Summary. The paper presents AutoMegaKernel (AMK), a system that compiles HuggingFace Llama-family models into a single persistent cooperative CUDA kernel executing the full forward pass in one launch, without per-model hand-written CUDA. The core contribution is an agent-harness with a frozen schedule-IR validator that uses static graph checks to certify deadlock-freedom and race-freedom (zero false-accepts on 7,160 adversarial schedules including 6,091 unsafe ones, and acceptance of all 360 real lowerings). The same source retargets across sm_80/sm_90/sm_120, reproduces HF token-for-token outputs on SmolLM2-135M (perplexity match 2.5e-7), supports an autoresearch loop for self-improvement (1.25-1.72x), and reports precision-asymmetric (W8A16) speedups over CUDA-graphed cuBLAS bf16 on several inference GPUs while trailing on high-bandwidth training GPUs.

Significance. If the validator's static checks are complete for the schedule-IR, the work provides a practical, retargetable framework for safe automated megakernel synthesis that could reduce manual CUDA effort for inference kernels. Strengths include direct external baselines (cuBLAS, HF), empirical safety data on a large adversarial set, cross-architecture support from one codebase, and an agent-driven self-improvement loop. The explicit reporting of both gains and gaps (e.g., cross-SM sync bottleneck on A100/H100) is a positive.

major comments (1)
  1. [Abstract / validator description] Abstract and validator description: the central claim that the frozen schedule-IR validator 'statically certifies' deadlock-freedom and race-freedom for any agent-proposed schedule rests on static graph checks whose completeness is supported only by zero false-accepts on 7,160 schedules (6,091 unsafe). No mechanized proof, formal semantics of the schedule-IR, or exhaustive enumeration of interleavings is provided, leaving open the possibility that some unsafe schedule expressible in the IR passes the checks.
minor comments (2)
  1. [Performance evaluation] The performance section should clarify whether the reported speedups include the cost of the one-time compilation/validator run or are measured only at inference time.
  2. [Experimental results] Figure or table captions for the adversarial schedule results should explicitly state the breakdown (e.g., how many schedules were generated by each mutation type) to allow readers to assess coverage.

Simulated Author's Rebuttal

1 responses · 1 unresolved

We thank the referee for the careful reading and the focus on the validator's guarantees. The manuscript already qualifies the claim as relying on static graph checks rather than a mechanized proof; we address the concern about potential overstatement below.

read point-by-point responses
  1. Referee: [Abstract / validator description] Abstract and validator description: the central claim that the frozen schedule-IR validator 'statically certifies' deadlock-freedom and race-freedom for any agent-proposed schedule rests on static graph checks whose completeness is supported only by zero false-accepts on 7,160 schedules (6,091 unsafe). No mechanized proof, formal semantics of the schedule-IR, or exhaustive enumeration of interleavings is provided, leaving open the possibility that some unsafe schedule expressible in the IR passes the checks.

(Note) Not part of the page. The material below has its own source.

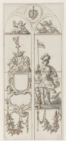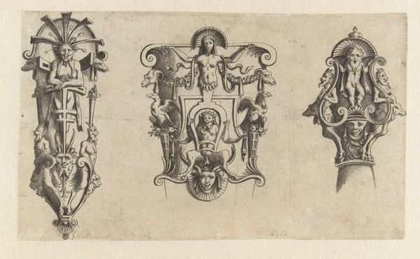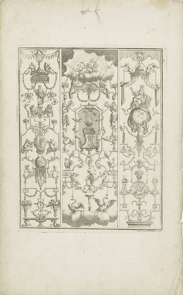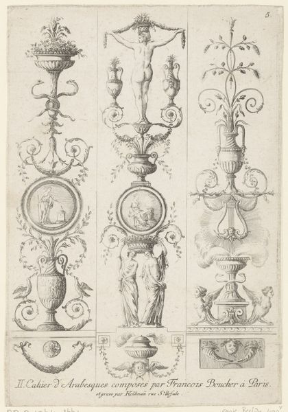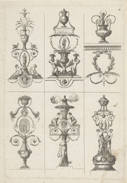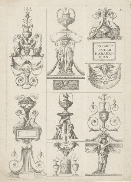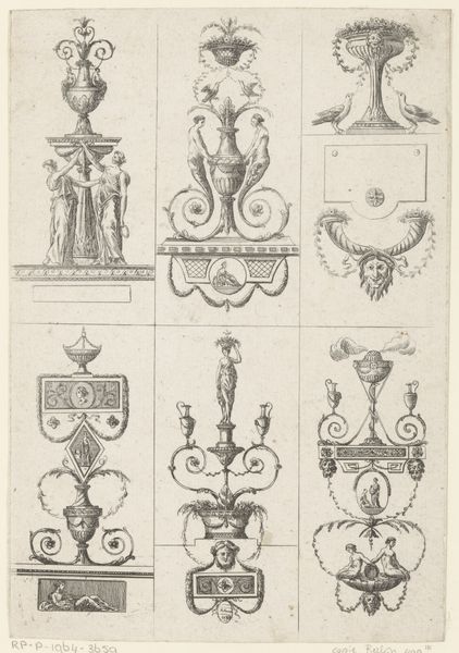 Editor: This is "Vijf scènes met arabesken," or "Five Scenes with Arabesques," an engraving dating from around 1746-1800, currently at the Rijksmuseum. The flowing lines and classical figures give it a very elegant, almost dreamlike quality. What strikes you most when you look at this work? Curator: Immediately, I see a dialogue between classical ideals and a burgeoning Rococo sensibility. The figures themselves are borrowed from antiquity, but the extravagant ornamentation, the playful asymmetry... It suggests a cultural memory grappling with new aesthetic freedoms. Where do we find lasting meaning: in tradition, or embellishment? Editor: That’s fascinating. It’s like these rigid structures are being softened by the flourishes around them. Curator: Exactly! Think of the symbolic weight of each element. The vases – vessels of containment and potential – contrasted with the spilling abundance of the floral arrangements. What do these motifs communicate about control versus liberation? About mortality and everlasting aesthetic values? Editor: I hadn't considered that level of symbolic contrast. So the flowers bursting out of the vases represent… something breaking free? Curator: Perhaps, or perhaps an eternal, cyclical return. Rococo often used nature in this way - idealized and tamed, a nostalgic projection of an Arcadia ever-lost and yearned for. The arrangement evokes feelings, and that becomes a value to the beholder. Editor: I see now. This isn't just pretty decoration; it's a conversation about history, beauty, and emotion, encoded in symbols. Thank you! Curator: And thank you! Art offers a rich trove of memories, accessible across centuries through sustained viewing, attention to symbols, and active listening.

    Authors: We agree that the validator provides no mechanized proof or formal semantics of the schedule-IR, and that the empirical result (zero false-accepts on 7,160 schedules) does not by itself prove completeness for every possible schedule expressible in the IR. The manuscript text already states explicitly that the approach uses 'static graph checks (not a mechanized proof)'. The intended claim is narrower: that the implemented checks are designed to be sound for the deadlock and race conditions they target, and that this design has been validated on a large adversarial corpus that includes thousands of unsafe schedules. We will revise the abstract and the validator section to remove any phrasing that could be read as claiming formal certification or completeness beyond the static checks and their empirical support. This is a partial revision because we retain the empirical safety data as the primary evidence while clarifying the scope of the claim. revision: partial

standing simulated objections not resolved
  • A mechanized proof or formal semantics of the schedule-IR is not available in the current work.

Circularity Check

0 steps flagged

No significant circularity; derivation is self-contained against external benchmarks

full rationale

The paper describes a systems artifact whose core claims (single-launch megakernel compilation, retargeting across GPU architectures, and static schedule validation) are supported by direct empirical comparisons to external baselines (cuBLAS, Hugging Face token-for-token match) and by testing on 7160 adversarial schedules. No equations, fitted parameters, or self-citations are present in the provided text that would reduce any reported result to a quantity defined by the authors' own prior work. The validator's soundness rests on static graph checks plus empirical zero false-accepts rather than a mechanized proof, but this is an acknowledged limitation in formal guarantee strength, not a circular reduction of the claim to its own inputs. The derivation chain therefore remains independent of self-referential definitions.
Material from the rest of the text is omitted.